Summerlin, an Afghanistan Engineer District-South construction control representative assigned to Forward Operating Base Smart as a provincial reconstruction team member working in Zabul province, was able to find and meet with his 19-year-old nephew, Pfc. Leyton M. Summerlin, at the airbase's USO.

They share the same name, JL explained. "His first name is Leyton, my middle name was Leyton. Everything changed when I changed to JL, but everybody [at home] still knows me as Leyton."

"Two generations of Summerlins who happen to share the same name meet in the same war zone at the same time. That is pretty amazing," JL said. "You see in the movies all the time stories about a father and a son or two brothers reuniting, but I've never heard one about an uncle and a nephew."

After a yearlong assignment, the elder Summerlin returns to the U.S. Army Corps of Engineers St. Paul District in St. Paul, Minn. in late April. The younger Summerlin, an infantryman assigned to Joint Base Lewis-McChord's 5th Battalion, 20th Infantry Regiment, 3rd Stryker Brigade Combat Team, 2nd Infantry Division arrived in Afghanistan April 5 and moved with his unit to Zabul province the day after the reunion.

"After a cat-and-mouse game" of finding one another," the Summerlins "hung out at the USO, made a video for our family and had dinner on the Boardwalk," Leyton said.

"Of all places to be taking him dinner, Uncle Leyton is taking nephew Leyton to dinner on the Boardwalk on Kadahar Airfield in Kandahar, Afghanistan," JL said. "It's a pretty unique opportunity to take a family member to dinner. No too many people can say that. "

JL supervised several construction projects within Zabul province including Highway 1 repairs, bridge construction and maintenance, road, hospital and school construction projects. The work was mostly funded by the regional commander's emergency response program, he said.

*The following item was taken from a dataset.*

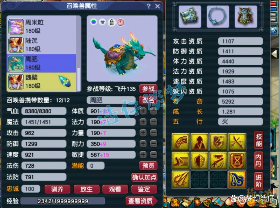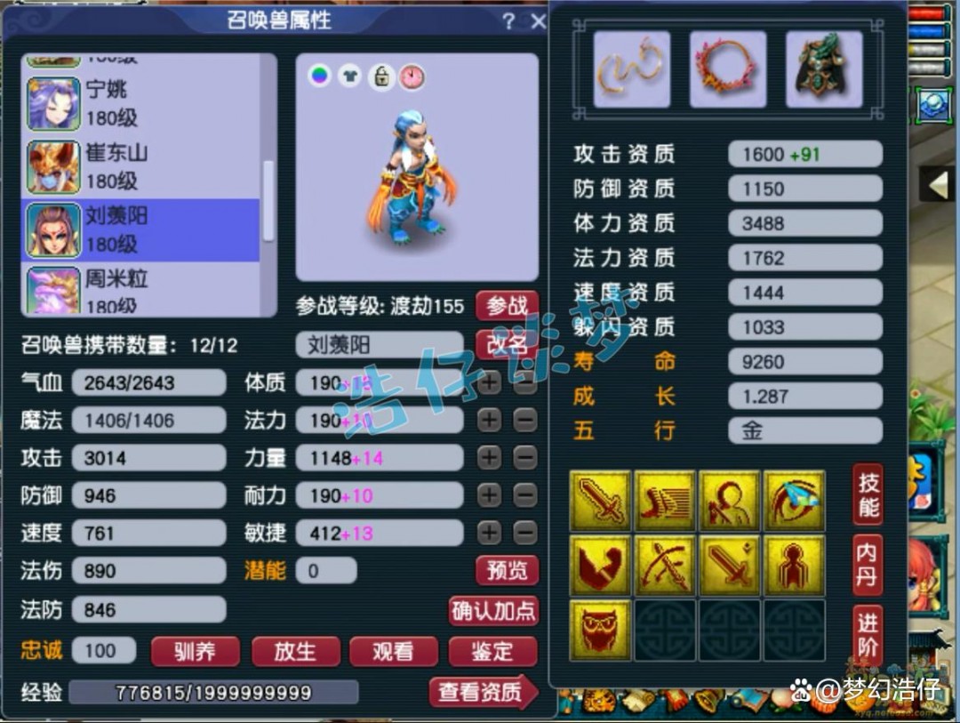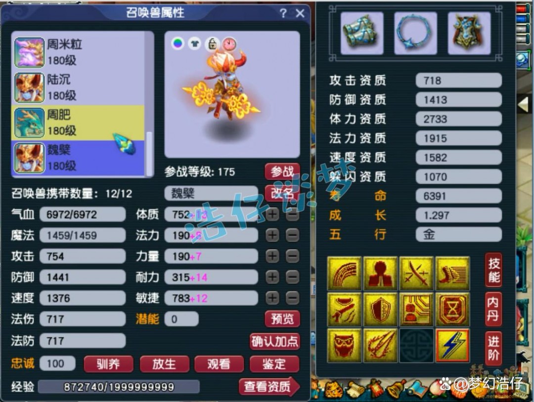 10技能耐攻壁垒童子,双资都达到了1650以上,而且速度资质也很高,很完美!

Leyton's platoon will support the "Arrowhead" Brigade key leadership engagement program. While senior Army leaders work with their Afghan counter parts, he and his team will surround the meeting area to protect the participants, he explained.

"I'm pretty ecstatic. I knew JL was in country but for us to be going to the same area is what is really cool," the Soldier said. "We were not really sure would be able to see each other because I did not know where I was going to be."

Before parting ways in opposite directions, the older Summerlin said he offered some advice which will serve his nephew well in Zabul province. Some of these tips included relying on his training, listening to his more experienced noncommissioned officers and officers and "remembering why we are here - to help the people of Afghanistan to improve their lives in every way that we can including kindness."